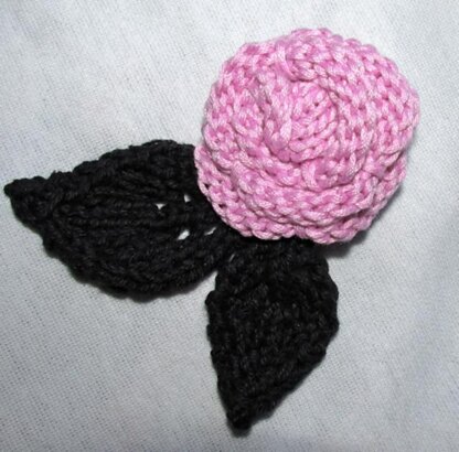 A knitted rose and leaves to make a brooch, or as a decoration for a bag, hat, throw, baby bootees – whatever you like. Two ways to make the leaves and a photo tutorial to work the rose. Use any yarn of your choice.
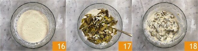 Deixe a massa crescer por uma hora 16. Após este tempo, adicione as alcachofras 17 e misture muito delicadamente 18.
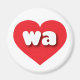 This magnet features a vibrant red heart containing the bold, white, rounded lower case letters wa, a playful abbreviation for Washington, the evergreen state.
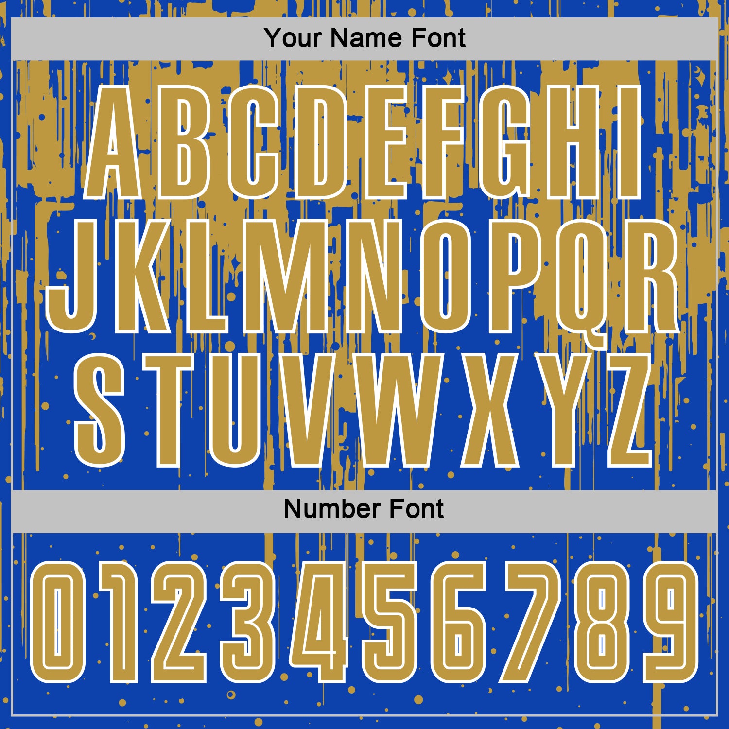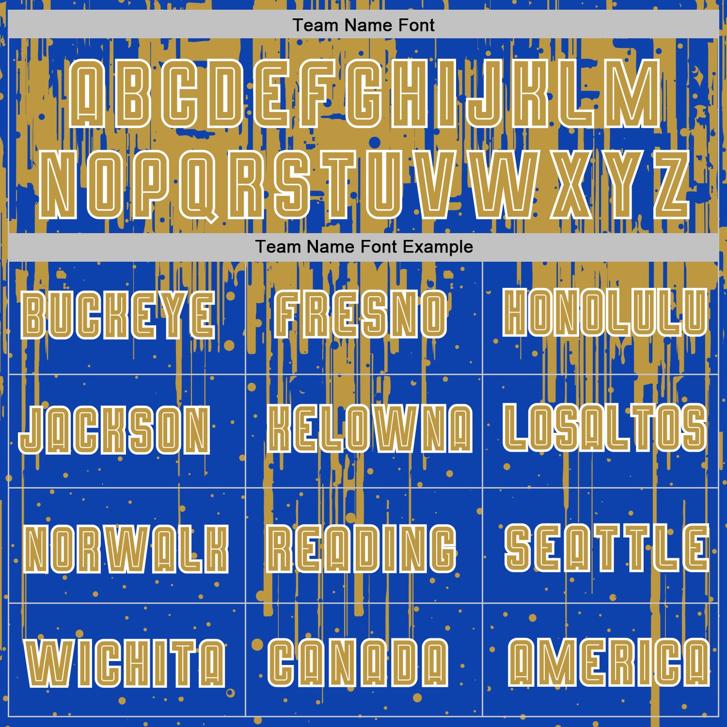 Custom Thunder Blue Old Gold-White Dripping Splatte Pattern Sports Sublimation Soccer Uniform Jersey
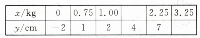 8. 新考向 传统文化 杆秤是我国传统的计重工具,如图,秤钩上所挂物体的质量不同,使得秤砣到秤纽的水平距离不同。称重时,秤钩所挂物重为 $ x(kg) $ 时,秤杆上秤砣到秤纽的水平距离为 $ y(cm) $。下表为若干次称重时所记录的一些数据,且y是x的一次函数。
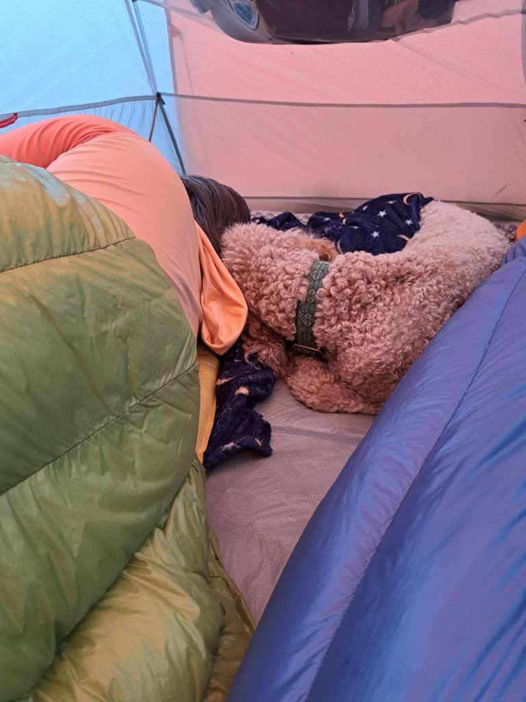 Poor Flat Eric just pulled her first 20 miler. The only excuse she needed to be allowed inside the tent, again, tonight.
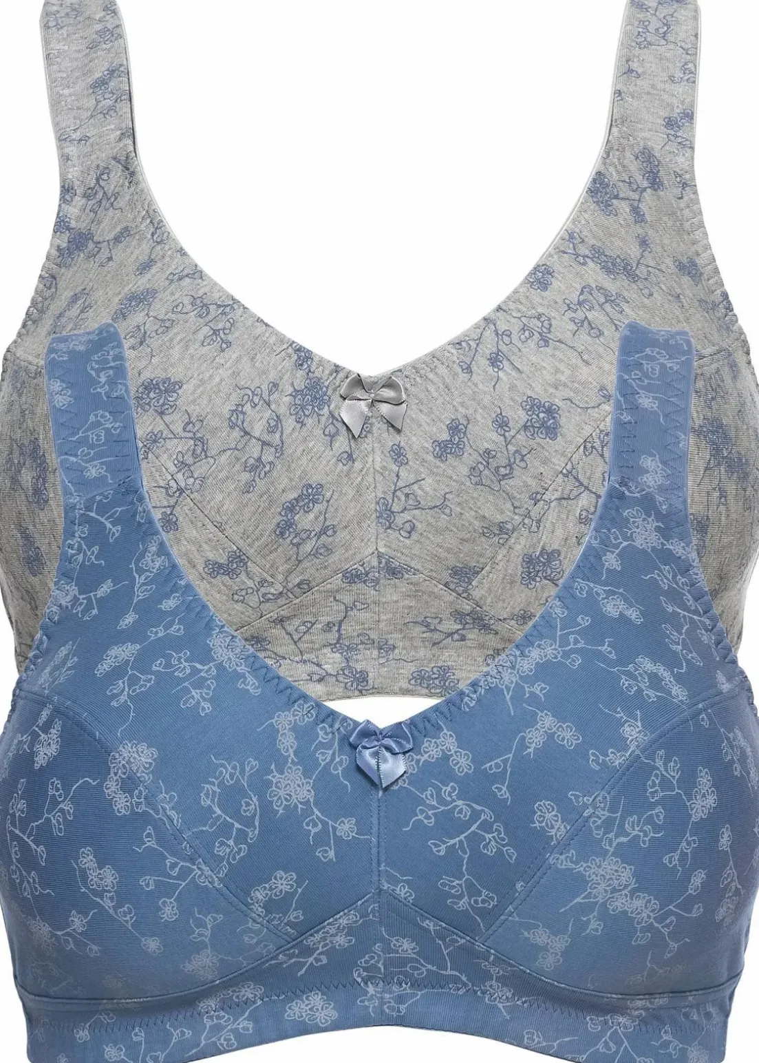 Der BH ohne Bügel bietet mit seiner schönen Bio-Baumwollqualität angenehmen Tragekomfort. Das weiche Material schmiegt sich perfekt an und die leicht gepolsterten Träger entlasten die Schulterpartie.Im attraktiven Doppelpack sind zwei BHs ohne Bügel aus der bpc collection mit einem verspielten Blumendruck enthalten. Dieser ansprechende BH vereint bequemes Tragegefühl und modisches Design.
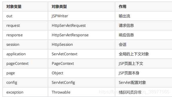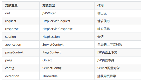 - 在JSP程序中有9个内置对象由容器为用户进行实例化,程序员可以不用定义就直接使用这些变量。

============================================================

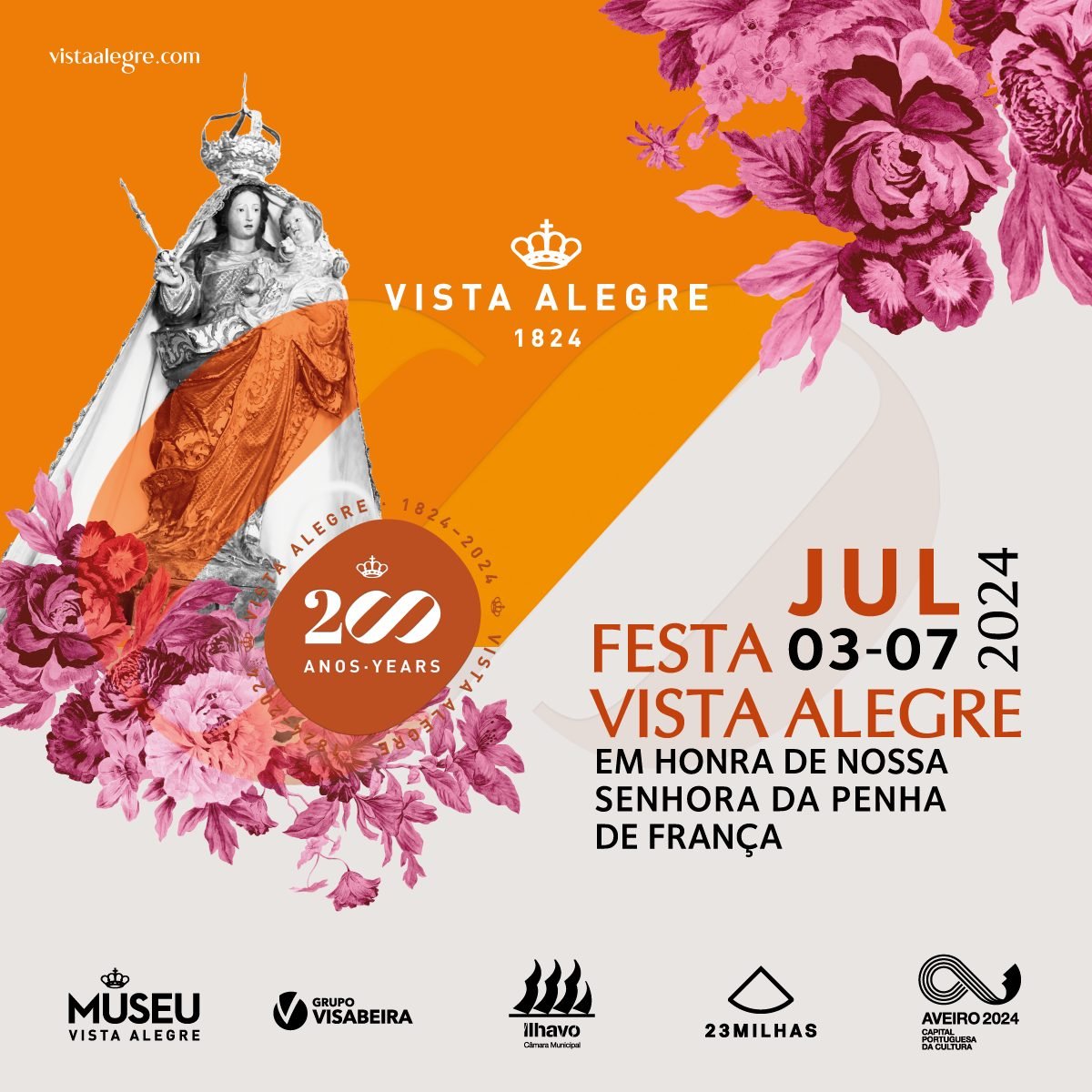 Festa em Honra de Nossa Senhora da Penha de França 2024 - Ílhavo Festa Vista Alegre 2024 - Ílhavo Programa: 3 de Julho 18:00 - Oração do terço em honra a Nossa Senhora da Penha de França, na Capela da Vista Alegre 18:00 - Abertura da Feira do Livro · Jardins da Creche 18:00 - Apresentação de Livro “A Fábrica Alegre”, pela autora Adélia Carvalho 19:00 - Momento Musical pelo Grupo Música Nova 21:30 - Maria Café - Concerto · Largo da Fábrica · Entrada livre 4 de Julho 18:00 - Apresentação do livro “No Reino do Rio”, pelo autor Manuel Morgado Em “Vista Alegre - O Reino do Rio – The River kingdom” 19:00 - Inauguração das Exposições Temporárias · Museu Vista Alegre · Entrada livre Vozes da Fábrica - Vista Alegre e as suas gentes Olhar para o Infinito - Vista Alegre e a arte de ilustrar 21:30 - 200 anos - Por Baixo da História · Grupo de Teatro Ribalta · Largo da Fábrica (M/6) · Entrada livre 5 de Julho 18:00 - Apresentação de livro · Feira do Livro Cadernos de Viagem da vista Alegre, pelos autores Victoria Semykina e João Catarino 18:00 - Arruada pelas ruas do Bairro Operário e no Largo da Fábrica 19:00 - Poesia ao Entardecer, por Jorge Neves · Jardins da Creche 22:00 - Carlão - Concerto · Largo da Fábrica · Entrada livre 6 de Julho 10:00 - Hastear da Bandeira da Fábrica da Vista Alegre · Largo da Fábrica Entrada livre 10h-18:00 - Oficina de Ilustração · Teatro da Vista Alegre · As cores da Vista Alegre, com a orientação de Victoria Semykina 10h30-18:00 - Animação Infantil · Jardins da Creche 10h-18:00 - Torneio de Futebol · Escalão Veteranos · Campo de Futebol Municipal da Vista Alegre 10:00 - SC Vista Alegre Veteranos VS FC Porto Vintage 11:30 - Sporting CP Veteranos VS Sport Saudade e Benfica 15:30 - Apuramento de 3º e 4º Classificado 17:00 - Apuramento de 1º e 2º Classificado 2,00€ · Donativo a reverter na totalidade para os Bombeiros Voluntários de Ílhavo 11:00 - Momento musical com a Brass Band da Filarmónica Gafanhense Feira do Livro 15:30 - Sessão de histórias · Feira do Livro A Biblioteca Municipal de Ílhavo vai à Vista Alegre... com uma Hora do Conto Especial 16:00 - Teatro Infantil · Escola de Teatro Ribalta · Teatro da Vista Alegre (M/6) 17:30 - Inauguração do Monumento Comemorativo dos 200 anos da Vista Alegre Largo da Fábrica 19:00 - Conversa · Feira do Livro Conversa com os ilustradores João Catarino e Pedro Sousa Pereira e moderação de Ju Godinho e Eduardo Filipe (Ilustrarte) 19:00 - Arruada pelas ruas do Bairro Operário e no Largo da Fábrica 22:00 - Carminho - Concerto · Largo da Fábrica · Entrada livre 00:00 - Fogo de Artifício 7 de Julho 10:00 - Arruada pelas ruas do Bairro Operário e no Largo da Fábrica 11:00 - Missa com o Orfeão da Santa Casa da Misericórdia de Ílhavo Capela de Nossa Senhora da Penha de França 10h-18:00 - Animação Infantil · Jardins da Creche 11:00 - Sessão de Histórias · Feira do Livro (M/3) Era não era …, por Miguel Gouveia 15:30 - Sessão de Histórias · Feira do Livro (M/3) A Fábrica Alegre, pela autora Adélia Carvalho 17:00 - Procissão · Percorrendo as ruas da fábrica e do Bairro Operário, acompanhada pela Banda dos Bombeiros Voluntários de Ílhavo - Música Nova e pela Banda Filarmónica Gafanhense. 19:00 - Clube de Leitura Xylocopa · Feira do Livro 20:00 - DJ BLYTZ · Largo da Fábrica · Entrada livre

============================================================

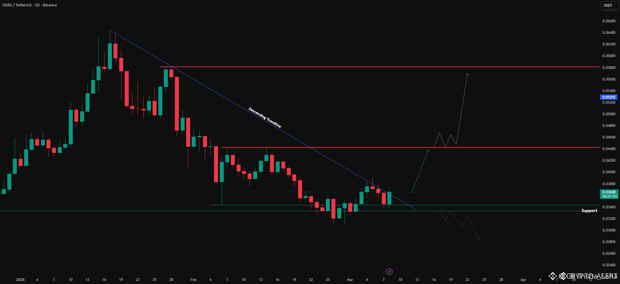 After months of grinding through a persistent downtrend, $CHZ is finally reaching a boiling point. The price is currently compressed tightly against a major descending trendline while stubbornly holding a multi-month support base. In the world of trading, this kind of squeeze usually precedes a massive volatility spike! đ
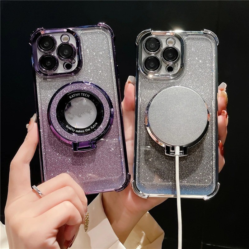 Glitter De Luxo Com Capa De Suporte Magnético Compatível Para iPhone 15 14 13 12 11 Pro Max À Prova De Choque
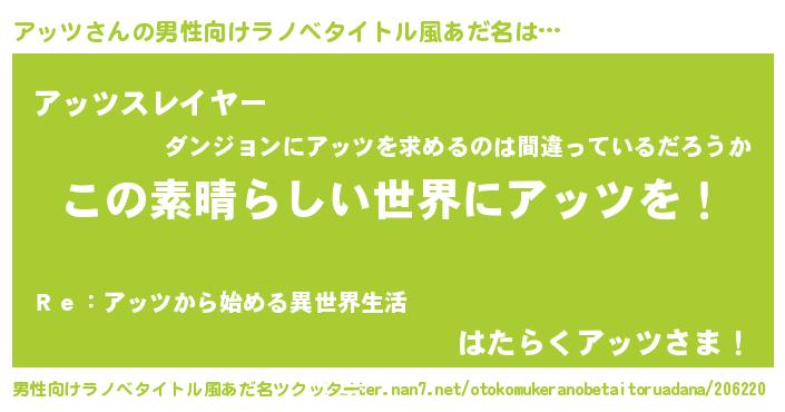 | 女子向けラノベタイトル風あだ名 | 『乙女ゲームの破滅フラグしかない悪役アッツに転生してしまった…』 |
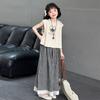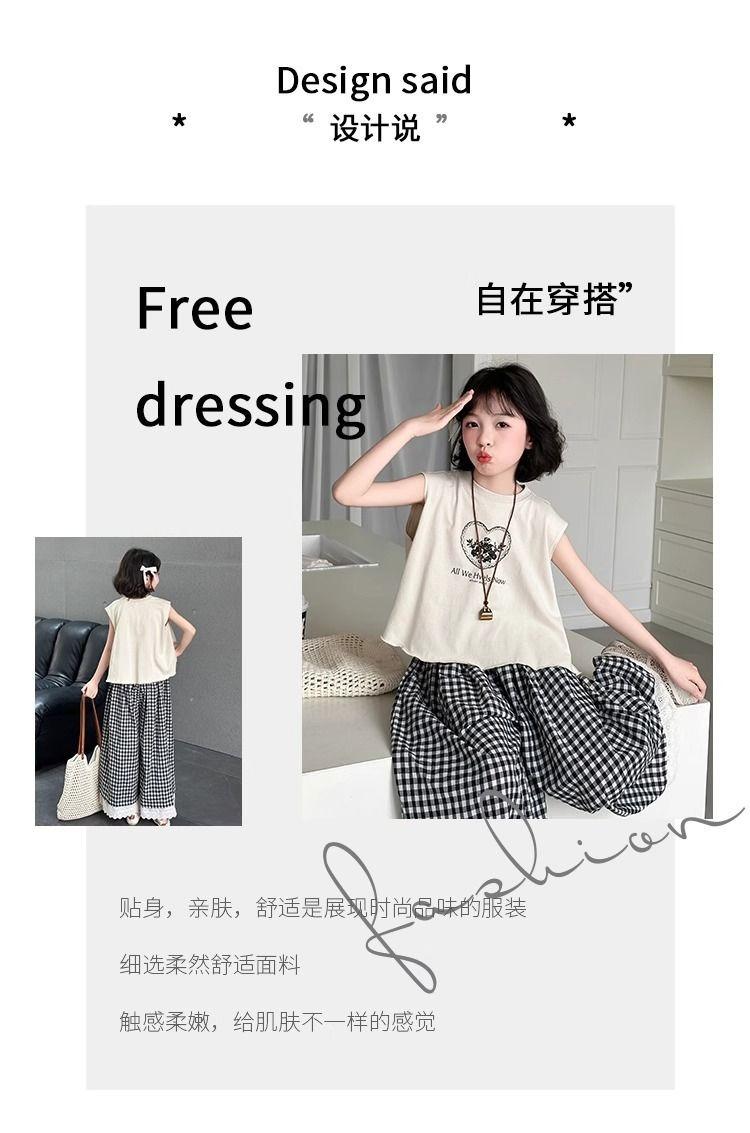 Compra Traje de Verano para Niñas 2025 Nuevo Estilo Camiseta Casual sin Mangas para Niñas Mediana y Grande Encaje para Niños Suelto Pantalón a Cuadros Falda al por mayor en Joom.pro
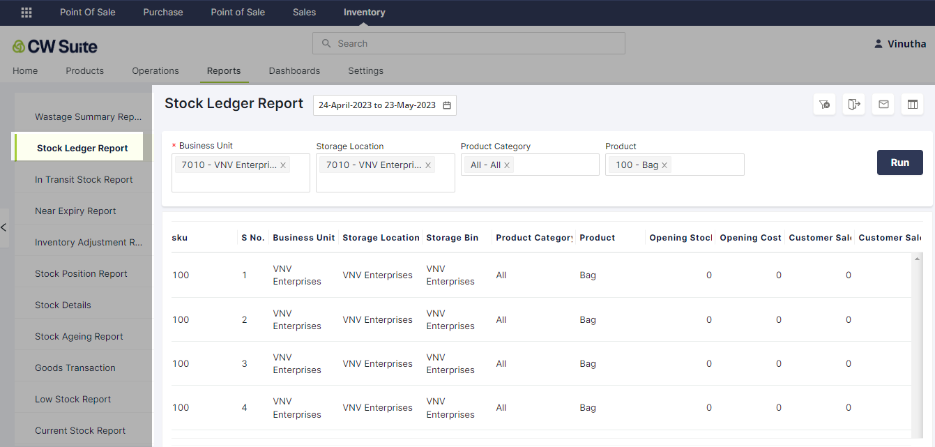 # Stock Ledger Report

============================================================

Beginning with the line holding "A knitted rose" in the material above, restate word for word each line through the line holding "Poor Flat Eric", and exclude pictures.

 A knitted rose and leaves to make a brooch, or as a decoration for a bag, hat, throw, baby bootees – whatever you like. Two ways to make the leaves and a photo tutorial to work the rose. Use any yarn of your choice.
 Deixe a massa crescer por uma hora 16. Após este tempo, adicione as alcachofras 17 e misture muito delicadamente 18.
 This magnet features a vibrant red heart containing the bold, white, rounded lower case letters wa, a playful abbreviation for Washington, the evergreen state.
 Custom Thunder Blue Old Gold-White Dripping Splatte Pattern Sports Sublimation Soccer Uniform Jersey
 8. 新考向 传统文化 杆秤是我国传统的计重工具,如图,秤钩上所挂物体的质量不同,使得秤砣到秤纽的水平距离不同。称重时,秤钩所挂物重为 $ x(kg) $ 时,秤杆上秤砣到秤纽的水平距离为 $ y(cm) $。下表为若干次称重时所记录的一些数据,且y是x的一次函数。
 Poor Flat Eric just pulled her first 20 miler. The only excuse she needed to be allowed inside the tent, again, tonight.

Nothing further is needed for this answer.